20 ottobre 2010

Il momento della fuga

Era fatta. Finalmente li portavano in gita in barca, come avevano promesso da un po', e già le ragazze fremevano nei loro parei gialli e verdi, brillanti come i sorrisi nei loro occhi. Lui se ne stava lì accanto e le guardava con una smorfia delle sue, una di quelle facce che non si sa cosa vogliano dire; non possedeva una grande espressività facciale, e per questo a volte passava per misterioso e perfino per affascinante. Almeno una di quelle ragazze la pensava così, in effetti: lo si capiva dalla cortesia con cui lo trattava, dalla fretta ingenua di attaccare discorso, e da mille altri dettagli che a lui sembravano chiarissimi e che gli strappavano un sorriso, o una smorfia, o una di quelle strane facce che faceva lui.

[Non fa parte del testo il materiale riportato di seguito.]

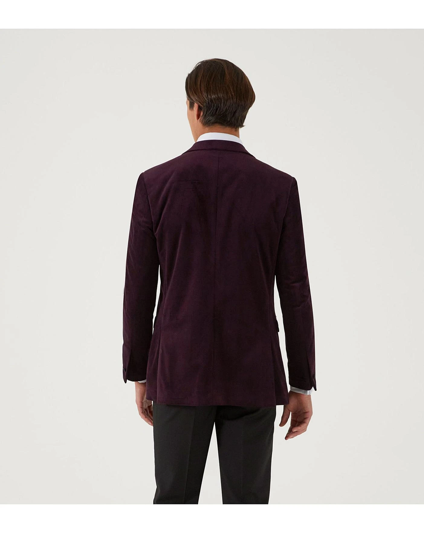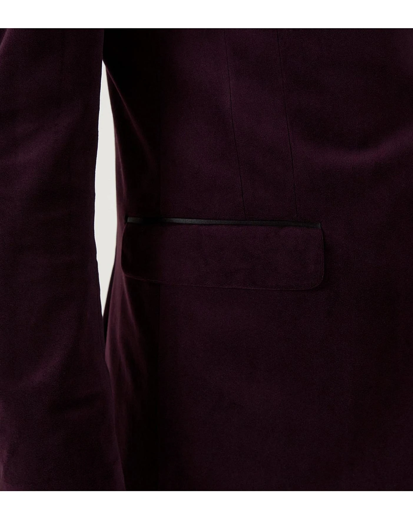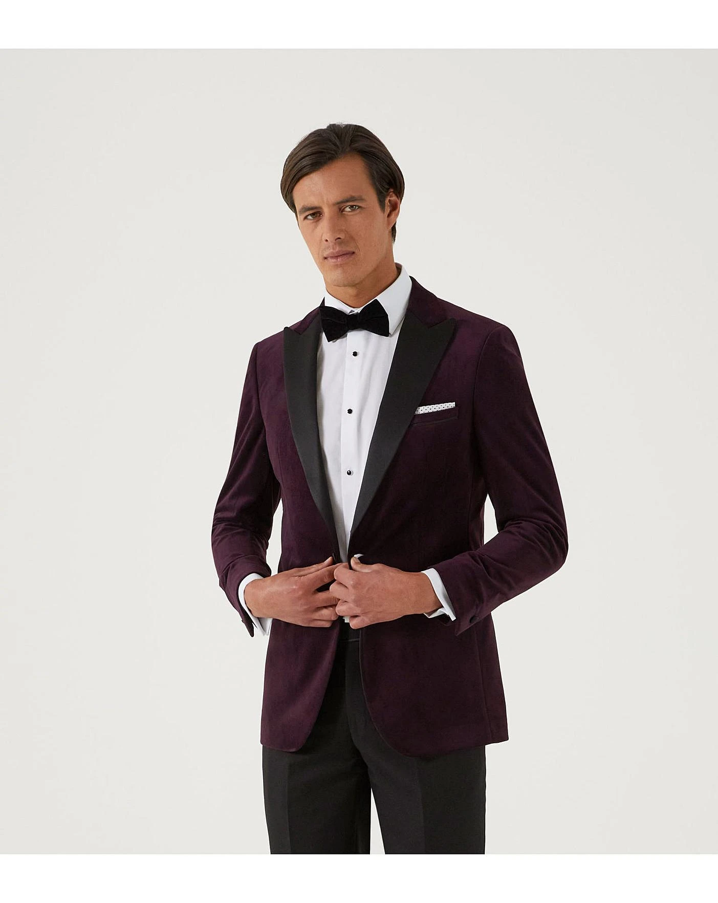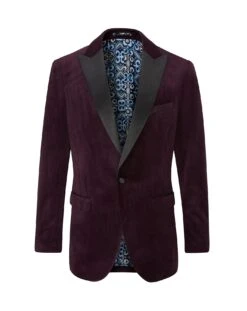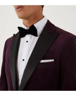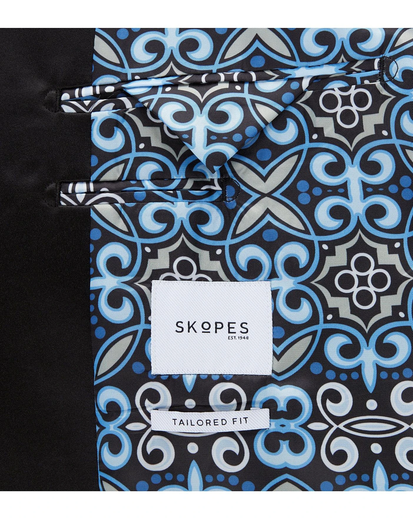 - Features include satin peak lapel, pull out pocket hankie, straight flap waist pockets with trim, cloth covered buttons, geometric pattern lining with twin side vents.

Lei non era né bella né brutta. Il suo viso, dai tratti gradevoli, aveva tuttavia una forma inconsueta ed eccessivamente triangolare, molto felina; il corpo, invece, era insieme florido ma sodo e robusto. La ragazza, lo si vedeva anche dal costume tecnico che indossava, praticava nuoto a livello agonistico (probabilmente per combattere la sua tendenza a mettere su peso). Tutto questo, in ogni caso, non contava: l'unica cosa che contava era allontanarsi dalla costa.
Alla fine salirono tutti: le ragazze come ospiti, lui come loro accompagnatore. Lui, che si sentiva sempre in colpa per un sacco di cose, pensò non senza disagio che al ritorno le avrebbe lasciate senza accompagnatore, contro ogni deontologia e venendo meno all'impegno che aveva assunto. L'uomo aveva deciso, infatti, che avrebbe approfittato del bagno in mare aperto, di cui le ragazze già parlavano, per allontanarsi il necessario e lasciarsi affogare. Era già tutto stabilito da giorni; nel frattempo, partecipava con accettabile arguzia alle discussioni delle giovani.

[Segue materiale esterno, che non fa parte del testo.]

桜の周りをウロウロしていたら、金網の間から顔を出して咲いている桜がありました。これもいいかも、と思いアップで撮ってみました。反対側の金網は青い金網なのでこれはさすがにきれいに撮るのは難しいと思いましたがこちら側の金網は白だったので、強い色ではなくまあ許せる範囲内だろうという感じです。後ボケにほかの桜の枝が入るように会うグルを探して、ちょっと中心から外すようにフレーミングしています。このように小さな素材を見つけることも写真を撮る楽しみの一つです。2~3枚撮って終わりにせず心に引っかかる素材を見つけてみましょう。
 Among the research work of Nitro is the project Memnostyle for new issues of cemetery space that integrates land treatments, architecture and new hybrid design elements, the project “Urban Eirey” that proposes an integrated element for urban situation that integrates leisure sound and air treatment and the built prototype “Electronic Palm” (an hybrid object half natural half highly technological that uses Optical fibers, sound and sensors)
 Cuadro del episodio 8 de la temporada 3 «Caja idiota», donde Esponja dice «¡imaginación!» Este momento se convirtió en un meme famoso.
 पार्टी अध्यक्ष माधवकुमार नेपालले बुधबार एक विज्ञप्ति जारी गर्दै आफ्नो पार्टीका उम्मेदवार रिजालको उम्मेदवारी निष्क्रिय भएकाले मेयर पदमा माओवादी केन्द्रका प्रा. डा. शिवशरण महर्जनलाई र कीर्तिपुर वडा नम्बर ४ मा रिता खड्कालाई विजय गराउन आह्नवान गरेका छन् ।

Quando infine si gettarono in acqua (non erano poi così lontani dalla riva, ma la distanza era comunque sufficiente), non rimase a fare capannello con la massa delle ragazze, ma seguì la sua timida innamorata che già mulinava bracciate; era un ottimo pretesto per allontanarsi, e già dopo una trentina di secondi si fermò, controllò che le altre fossero distratte e si infilò sott'acqua. Ne riemerse qualche secondo dopo, perché non è facile ammazzarsi così (dal punto di vista meccanico; moralmente, non aveva rimorsi né ripensamenti), e si preparò a tornare sotto definitivamente. Lo colpì però diretto negli occhi il sole del pomeriggio, e lo costrinse a voltare lo sguardo; davanti a lui, ora, c'era una scia bianca che si assottigliava e si perdeva sempre più, e a produrla erano le bracciate profonde e vigorose della ragazza. La osservò un attimo, i raggi del sole che scaldavano le sue braccia abbronzate e i capelli castani che uscivano a momenti dall'acqua. Nell'insieme, lei gli ricordò un gatto di bronzo che tanti anni prima faceva da fermacarte alla sua prima maestra elementare. Quel gatto di bronzo, approssimativo e bruttarello, era stato fuso - lo ricordava ancora precisamente - da qualche classe precedente nell'ambito di un laboratorio o per un esperimento. Quella ragazza somigliava in qualche maniera a quel gatto di bronzo, e lui prese a seguirne la scia.
La raggiunse mentre riprendeva fiato, guardando la spiaggia, e l'abbracciò da dietro. Lei non disse nulla.
Continuò ad abbracciarla anche sulla barca, al ritorno, mentre chiacchierava con le altre, e lasciò che il suo costume intero blu (un costume da vera nuotatrice), che ancora ansimava un po' all'altezza del petto, si asciugasse su di lui. La ragazza muoveva ogni tanto il fondoschiena, con discrezione, per riattizzare la sua erezione; non per malizia o per desiderio sessuale, più che altro perché gradiva quella consistenza e quella pressione.